• **What you need to do**
Set down a true copy of the data, with all pictures left out.
*****
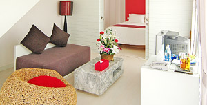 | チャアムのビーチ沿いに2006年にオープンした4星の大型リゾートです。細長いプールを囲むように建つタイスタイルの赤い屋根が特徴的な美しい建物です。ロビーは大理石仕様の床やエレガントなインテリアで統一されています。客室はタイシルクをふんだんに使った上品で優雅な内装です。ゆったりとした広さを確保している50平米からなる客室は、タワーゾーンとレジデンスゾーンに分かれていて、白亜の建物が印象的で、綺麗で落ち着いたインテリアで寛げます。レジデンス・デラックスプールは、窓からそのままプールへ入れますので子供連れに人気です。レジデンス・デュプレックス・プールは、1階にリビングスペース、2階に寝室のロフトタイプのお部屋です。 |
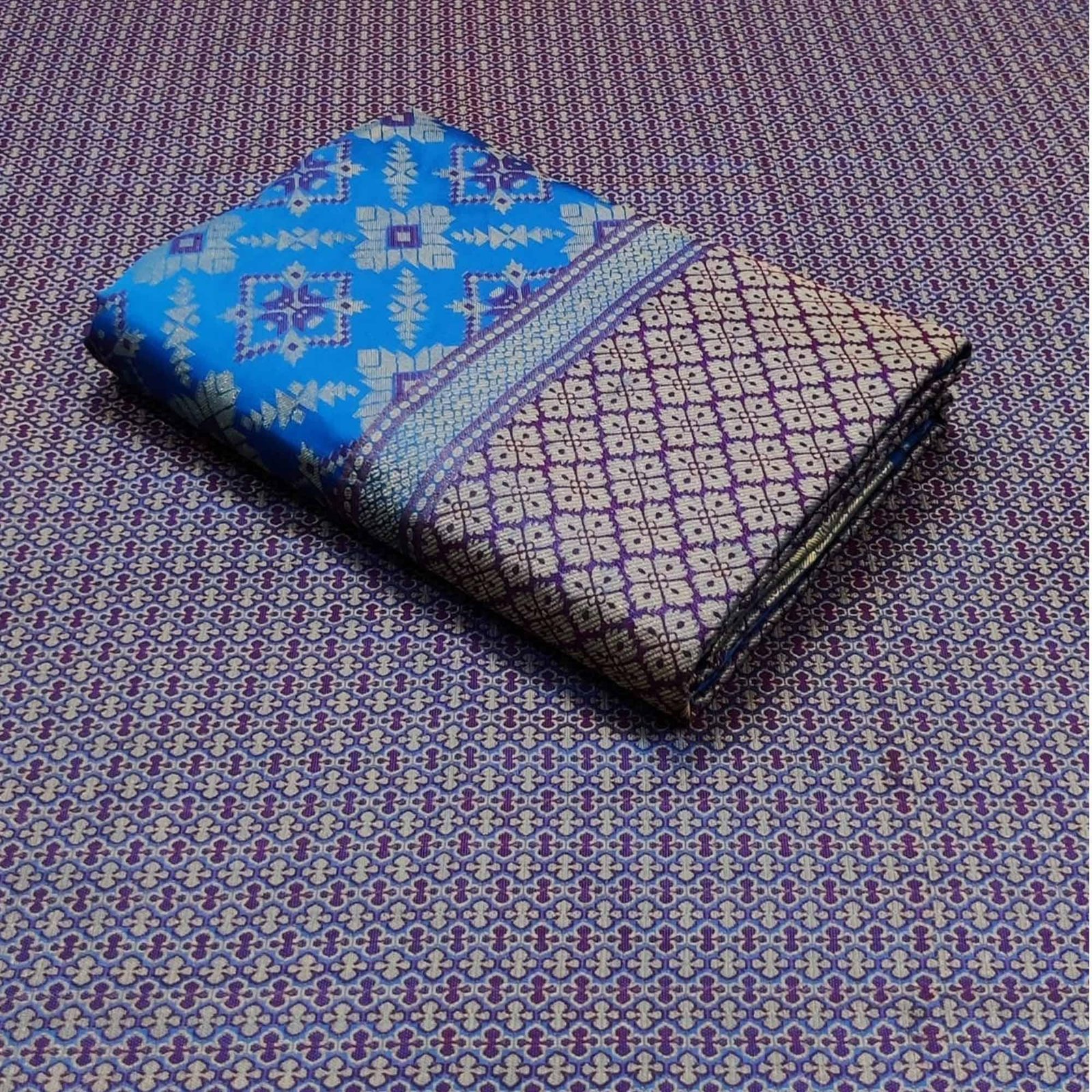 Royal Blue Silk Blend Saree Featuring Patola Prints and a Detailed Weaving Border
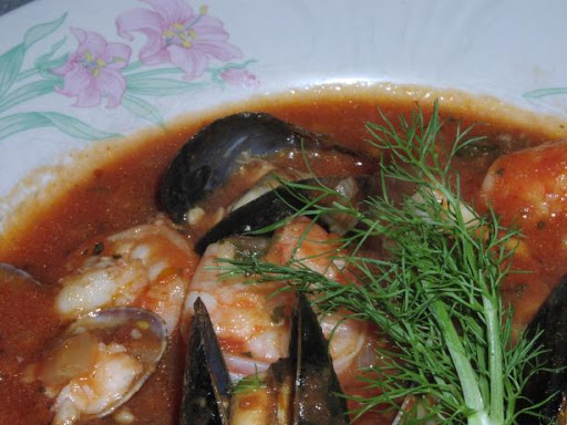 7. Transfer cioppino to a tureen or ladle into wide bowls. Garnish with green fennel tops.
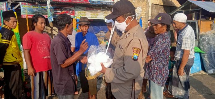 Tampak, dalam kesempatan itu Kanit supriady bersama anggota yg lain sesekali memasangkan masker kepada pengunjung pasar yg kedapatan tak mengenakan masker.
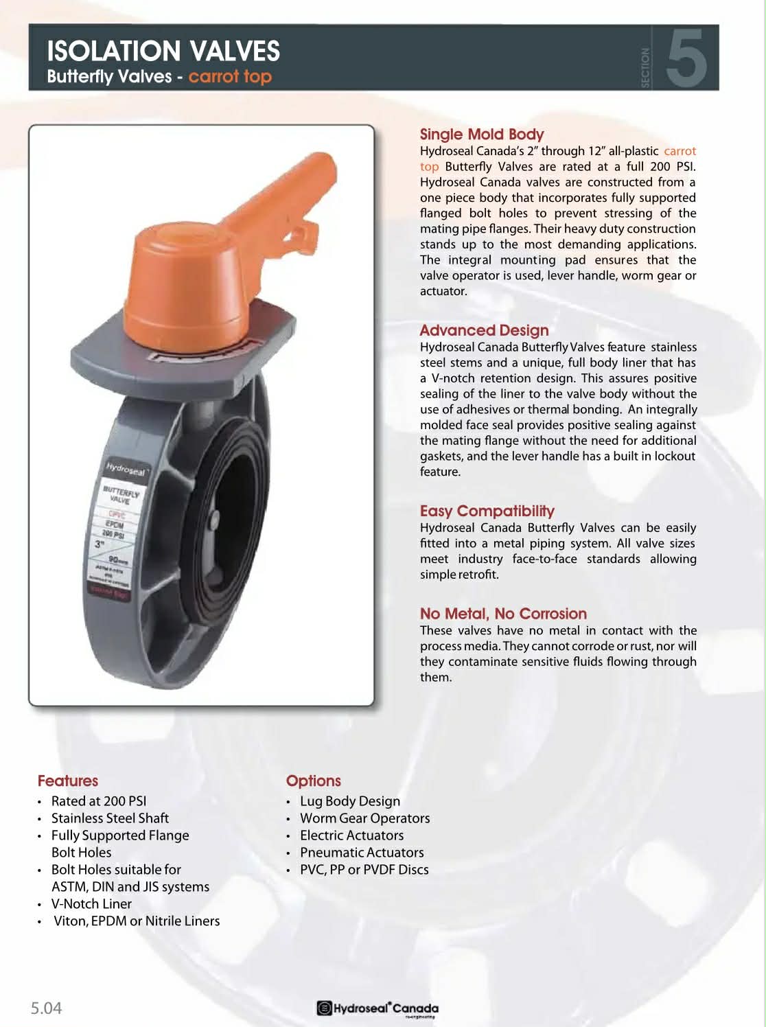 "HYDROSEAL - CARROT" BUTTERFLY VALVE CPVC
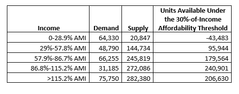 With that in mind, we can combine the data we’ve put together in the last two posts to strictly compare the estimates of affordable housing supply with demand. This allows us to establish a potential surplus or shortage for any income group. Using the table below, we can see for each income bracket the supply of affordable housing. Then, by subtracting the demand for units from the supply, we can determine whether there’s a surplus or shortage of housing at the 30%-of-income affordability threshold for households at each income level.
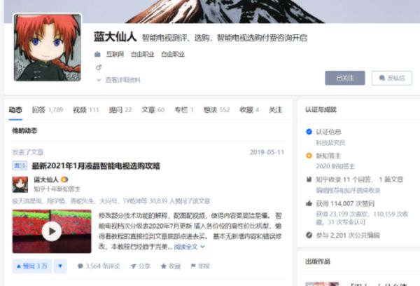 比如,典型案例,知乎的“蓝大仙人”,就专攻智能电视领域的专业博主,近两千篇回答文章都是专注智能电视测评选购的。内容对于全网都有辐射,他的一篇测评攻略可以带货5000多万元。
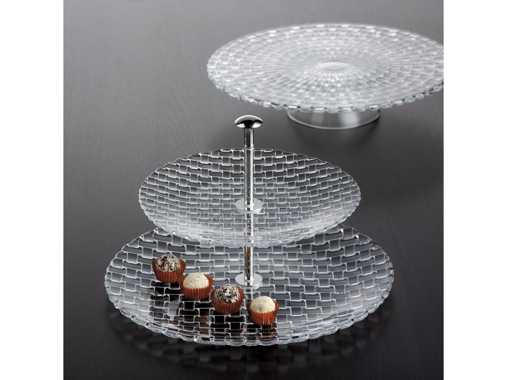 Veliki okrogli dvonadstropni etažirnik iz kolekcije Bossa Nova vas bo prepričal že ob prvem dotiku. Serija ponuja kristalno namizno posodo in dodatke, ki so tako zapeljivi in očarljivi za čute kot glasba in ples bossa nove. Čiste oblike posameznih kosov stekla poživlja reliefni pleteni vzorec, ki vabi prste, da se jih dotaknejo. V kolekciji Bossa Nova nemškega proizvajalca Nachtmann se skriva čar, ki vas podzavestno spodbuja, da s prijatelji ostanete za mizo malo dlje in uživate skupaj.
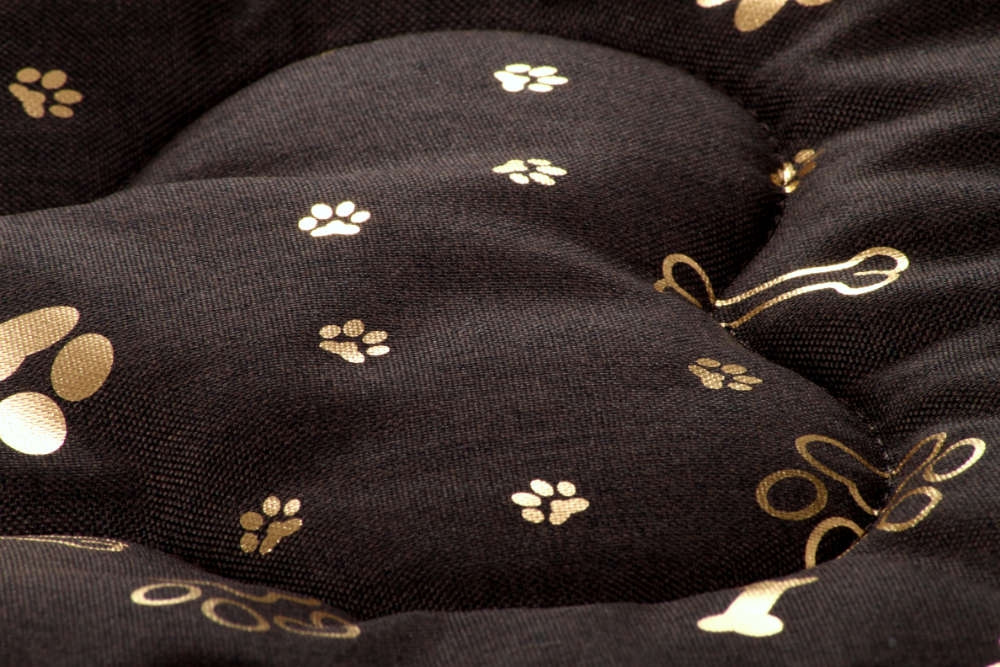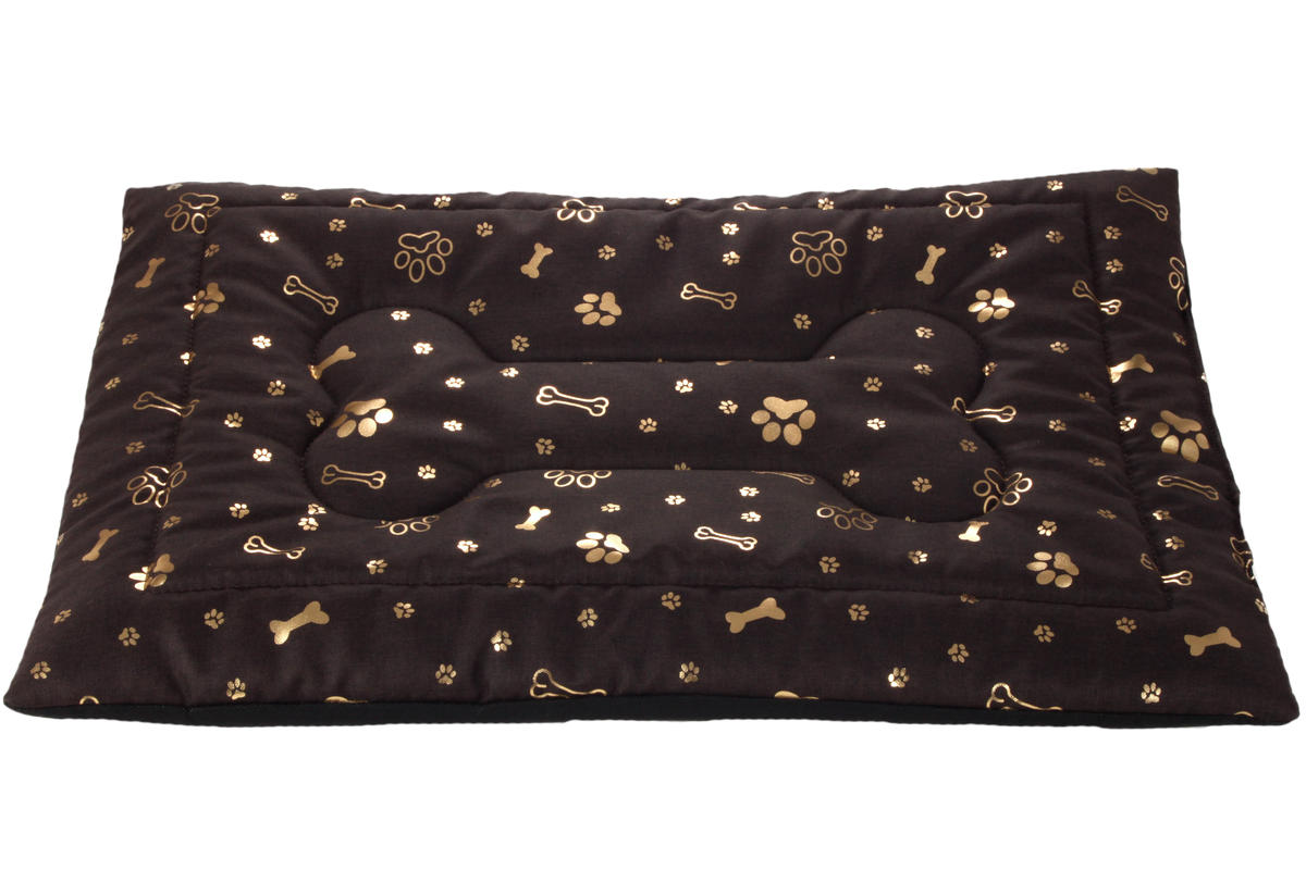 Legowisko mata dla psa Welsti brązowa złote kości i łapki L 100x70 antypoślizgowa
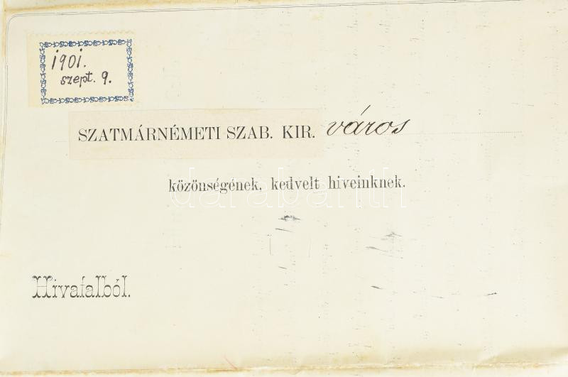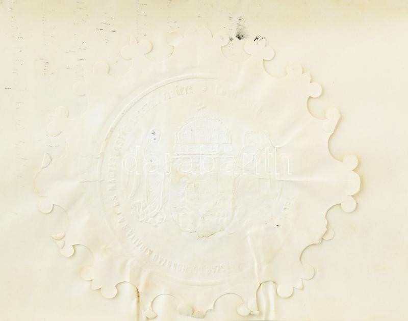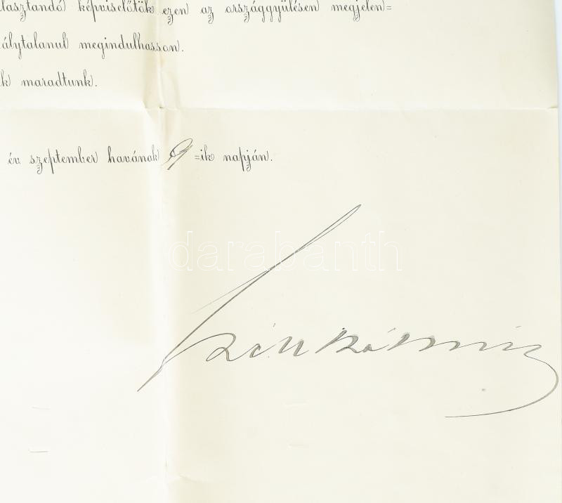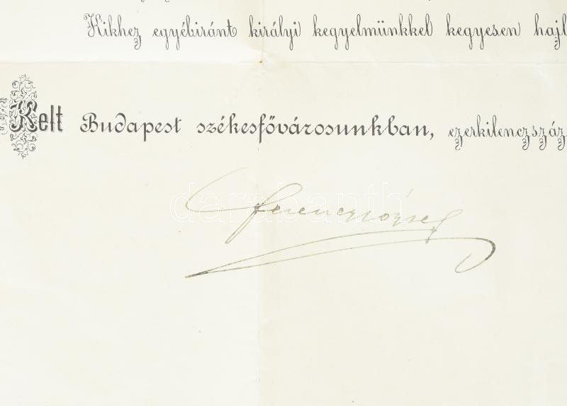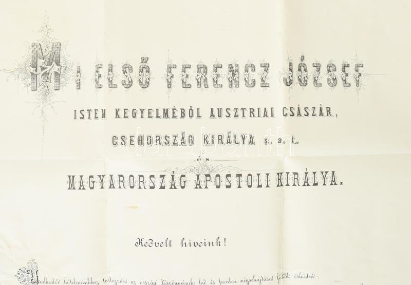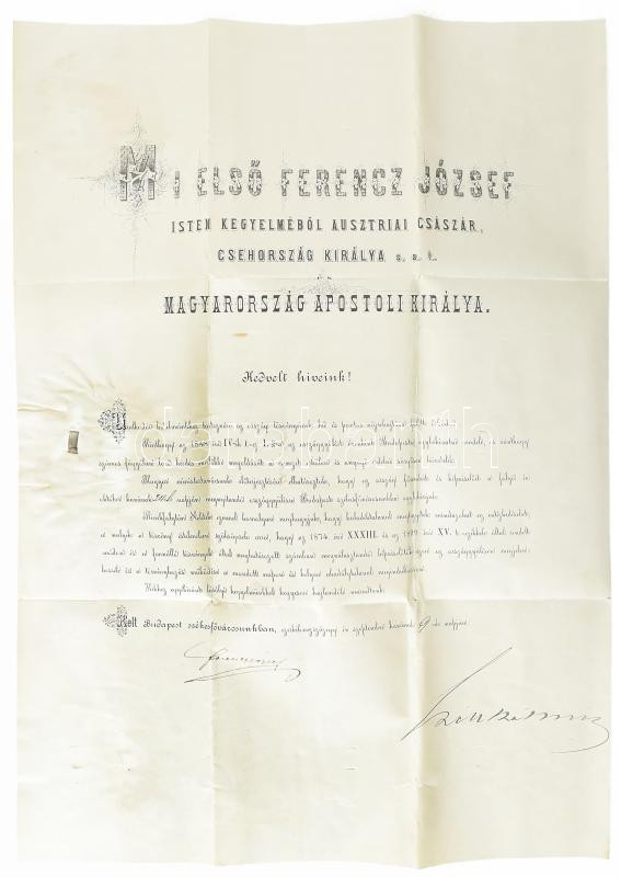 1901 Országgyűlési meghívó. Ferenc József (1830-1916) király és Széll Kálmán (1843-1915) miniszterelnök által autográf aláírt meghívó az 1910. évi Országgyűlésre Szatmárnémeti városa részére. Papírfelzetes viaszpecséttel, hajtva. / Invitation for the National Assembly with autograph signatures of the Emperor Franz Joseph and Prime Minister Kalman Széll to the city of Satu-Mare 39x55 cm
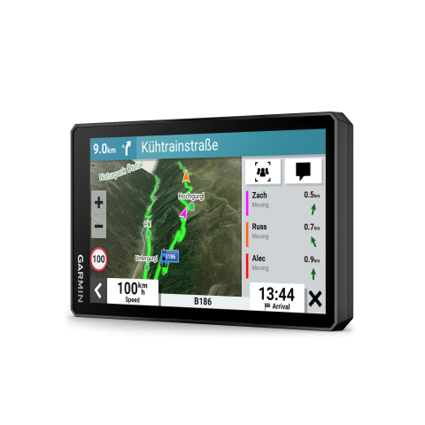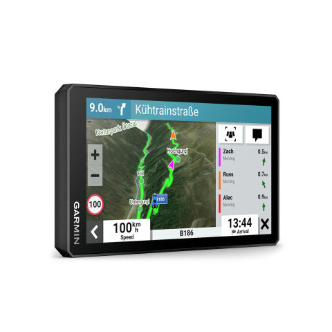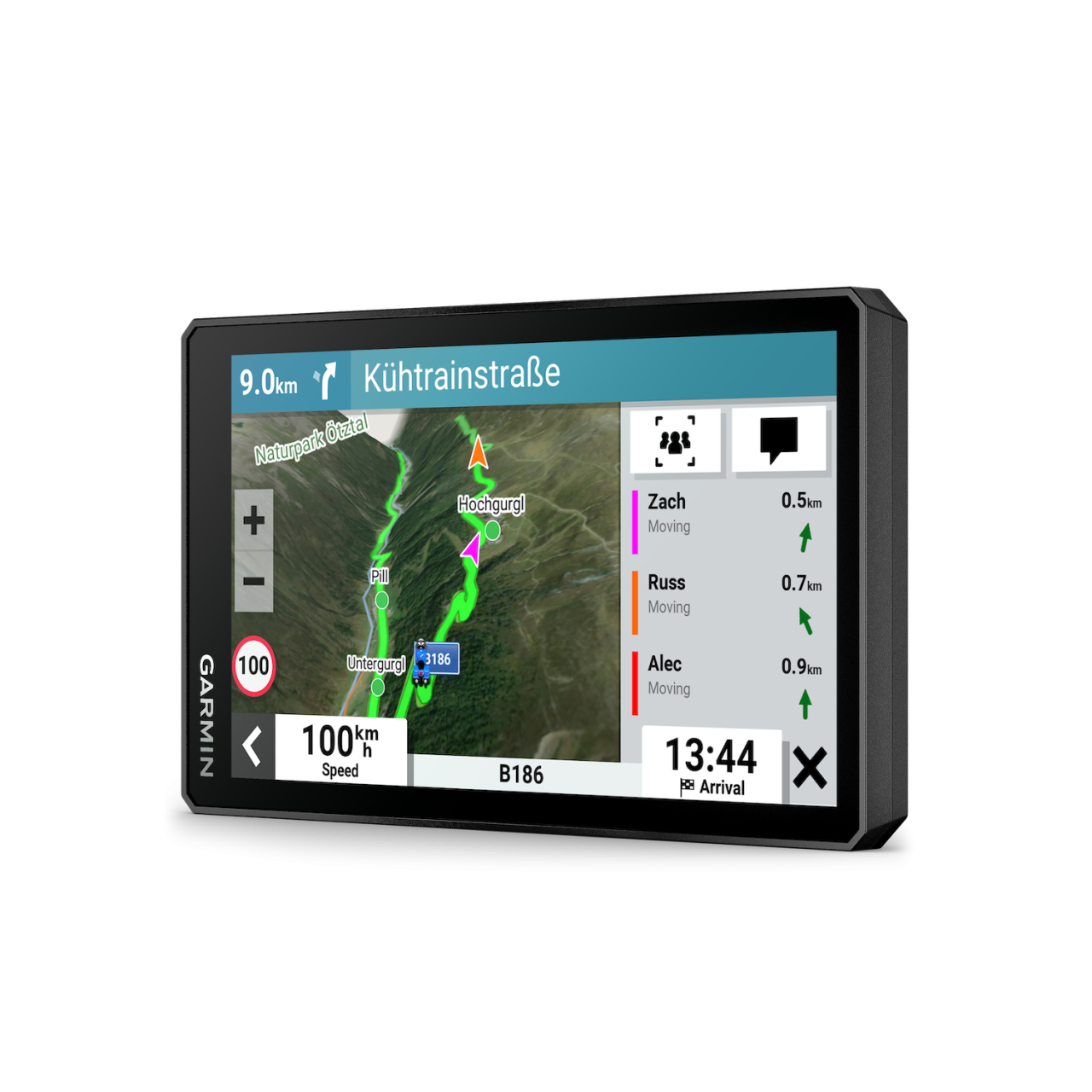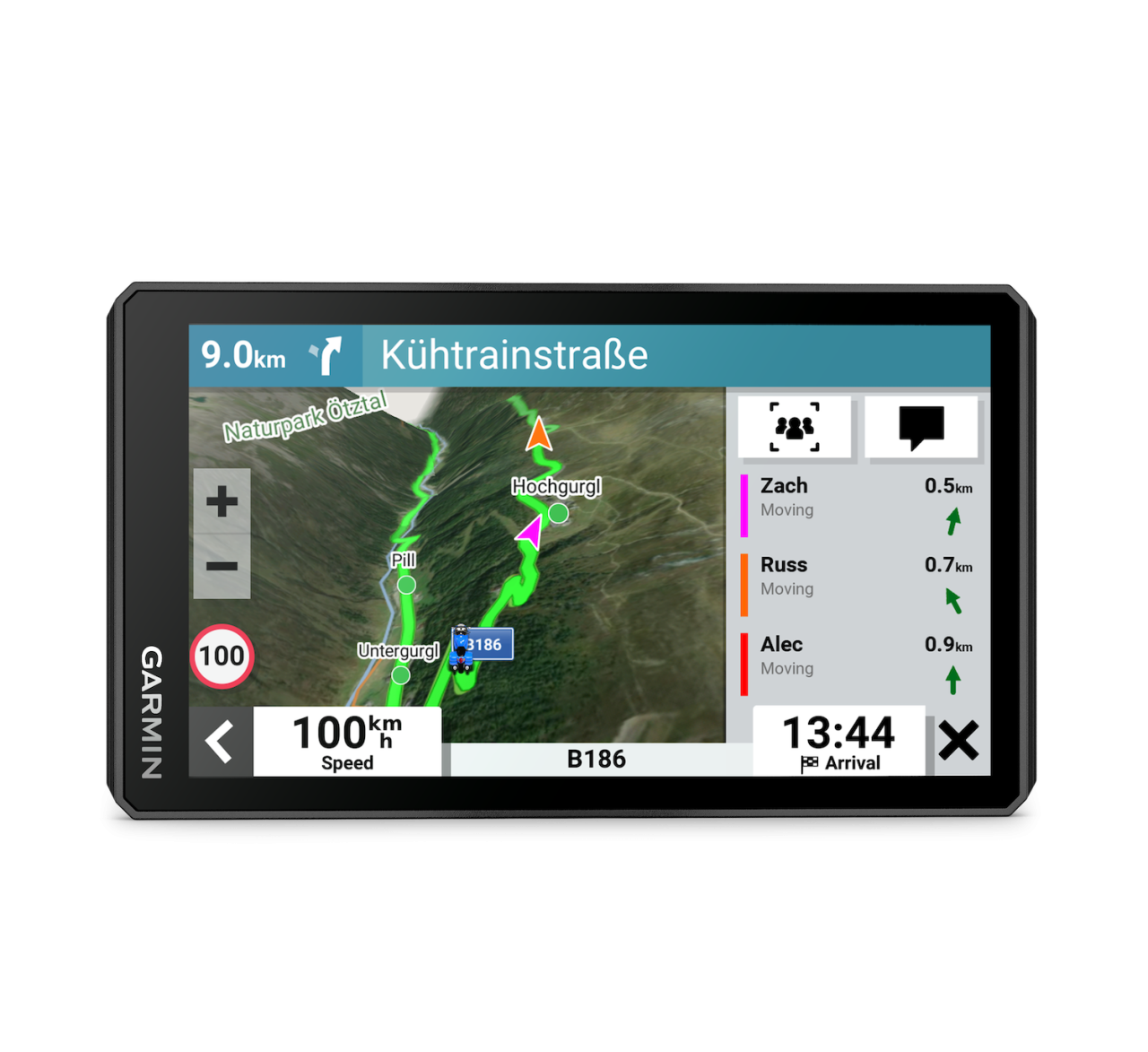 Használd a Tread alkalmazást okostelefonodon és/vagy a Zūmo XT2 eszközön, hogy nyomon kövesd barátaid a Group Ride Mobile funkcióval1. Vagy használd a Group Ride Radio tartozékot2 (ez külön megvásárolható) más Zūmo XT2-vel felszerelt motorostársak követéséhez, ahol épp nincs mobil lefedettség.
*****
• **Your response**
 | チャアムのビーチ沿いに2006年にオープンした4星の大型リゾートです。細長いプールを囲むように建つタイスタイルの赤い屋根が特徴的な美しい建物です。ロビーは大理石仕様の床やエレガントなインテリアで統一されています。客室はタイシルクをふんだんに使った上品で優雅な内装です。ゆったりとした広さを確保している50平米からなる客室は、タワーゾーンとレジデンスゾーンに分かれていて、白亜の建物が印象的で、綺麗で落ち着いたインテリアで寛げます。レジデンス・デラックスプールは、窓からそのままプールへ入れますので子供連れに人気です。レジデンス・デュプレックス・プールは、1階にリビングスペース、2階に寝室のロフトタイプのお部屋です。 |
 Royal Blue Silk Blend Saree Featuring Patola Prints and a Detailed Weaving Border
 7. Transfer cioppino to a tureen or ladle into wide bowls. Garnish with green fennel tops.
 Tampak, dalam kesempatan itu Kanit supriady bersama anggota yg lain sesekali memasangkan masker kepada pengunjung pasar yg kedapatan tak mengenakan masker.
 "HYDROSEAL - CARROT" BUTTERFLY VALVE CPVC
 With that in mind, we can combine the data we’ve put together in the last two posts to strictly compare the estimates of affordable housing supply with demand. This allows us to establish a potential surplus or shortage for any income group. Using the table below, we can see for each income bracket the supply of affordable housing. Then, by subtracting the demand for units from the supply, we can determine whether there’s a surplus or shortage of housing at the 30%-of-income affordability threshold for households at each income level.
 比如,典型案例,知乎的“蓝大仙人”,就专攻智能电视领域的专业博主,近两千篇回答文章都是专注智能电视测评选购的。内容对于全网都有辐射,他的一篇测评攻略可以带货5000多万元。
 Veliki okrogli dvonadstropni etažirnik iz kolekcije Bossa Nova vas bo prepričal že ob prvem dotiku. Serija ponuja kristalno namizno posodo in dodatke, ki so tako zapeljivi in očarljivi za čute kot glasba in ples bossa nove. Čiste oblike posameznih kosov stekla poživlja reliefni pleteni vzorec, ki vabi prste, da se jih dotaknejo. V kolekciji Bossa Nova nemškega proizvajalca Nachtmann se skriva čar, ki vas podzavestno spodbuja, da s prijatelji ostanete za mizo malo dlje in uživate skupaj.
 Legowisko mata dla psa Welsti brązowa złote kości i łapki L 100x70 antypoślizgowa
 1901 Országgyűlési meghívó. Ferenc József (1830-1916) király és Széll Kálmán (1843-1915) miniszterelnök által autográf aláírt meghívó az 1910. évi Országgyűlésre Szatmárnémeti városa részére. Papírfelzetes viaszpecséttel, hajtva. / Invitation for the National Assembly with autograph signatures of the Emperor Franz Joseph and Prime Minister Kalman Széll to the city of Satu-Mare 39x55 cm
 Használd a Tread alkalmazást okostelefonodon és/vagy a Zūmo XT2 eszközön, hogy nyomon kövesd barátaid a Group Ride Mobile funkcióval1. Vagy használd a Group Ride Radio tartozékot2 (ez külön megvásárolható) más Zūmo XT2-vel felszerelt motorostársak követéséhez, ahol épp nincs mobil lefedettség.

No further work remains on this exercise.